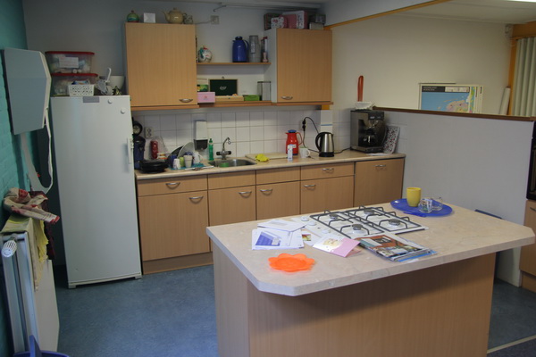 De nog als nieuwe keuken met de kinderkookplek op de voorgrond. De voorziening is denk ik nog geen 10 jaar oud…. Toen ik in 1972 begon in de school aan de Oosterweg, was er eigenlijk geen keuken. Tussen trap naar het kamertje en werkkast een smalle ruimte met een aanrechtblok (2 onderkastjes) en ernaast tegen de buitenmuur aan een tweepits gasstel….
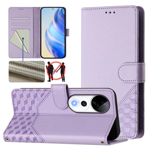 Funda de Cuero Rfid con Relieve En Panal para Vivo S19 Pro (Morado Claro)
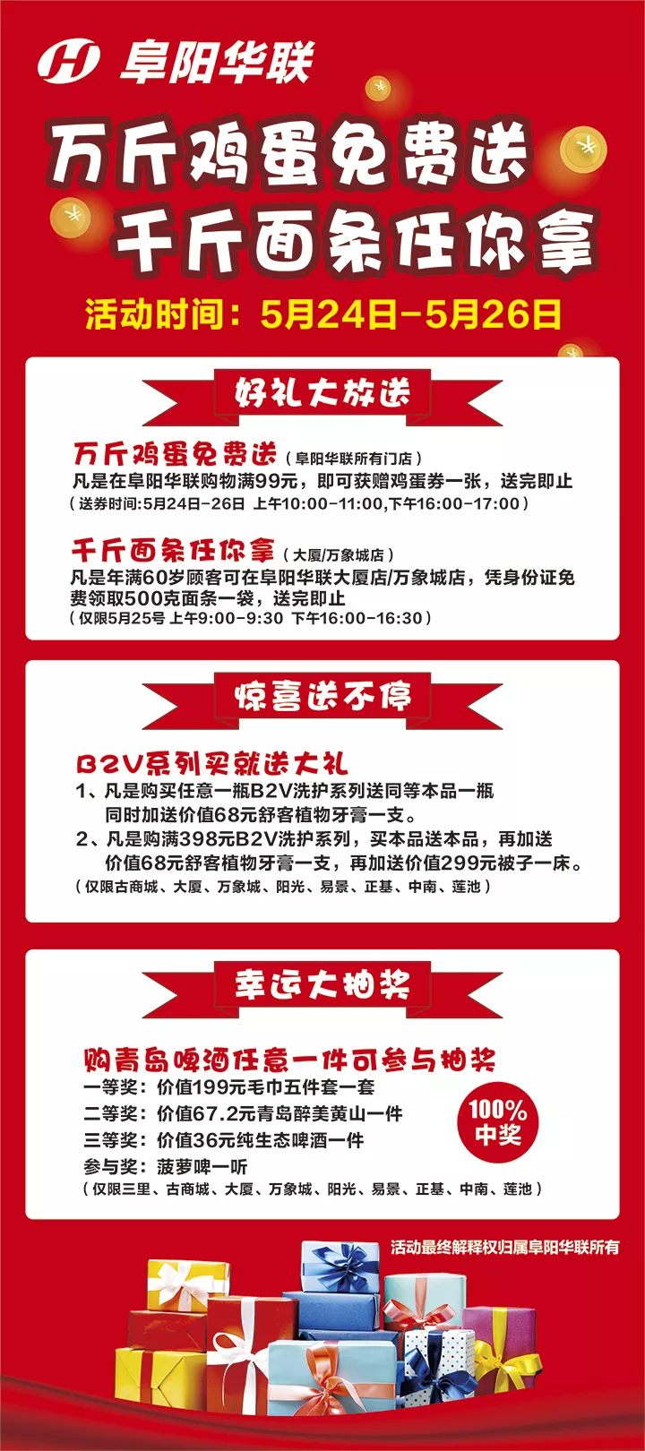 【阜陽(yáng)華聯(lián)】免費!一萬(wàn)斤雞蛋一千斤面條,阜陽(yáng)華聯(lián)不讓你空手而歸

**Problem:** Whenever you reach a picture, pass over it; print all the other material exactly.

**Exercise answer:**
 De nog als nieuwe keuken met de kinderkookplek op de voorgrond. De voorziening is denk ik nog geen 10 jaar oud…. Toen ik in 1972 begon in de school aan de Oosterweg, was er eigenlijk geen keuken. Tussen trap naar het kamertje en werkkast een smalle ruimte met een aanrechtblok (2 onderkastjes) en ernaast tegen de buitenmuur aan een tweepits gasstel….
 Funda de Cuero Rfid con Relieve En Panal para Vivo S19 Pro (Morado Claro)
 【阜陽(yáng)華聯(lián)】免費!一萬(wàn)斤雞蛋一千斤面條,阜陽(yáng)華聯(lián)不讓你空手而歸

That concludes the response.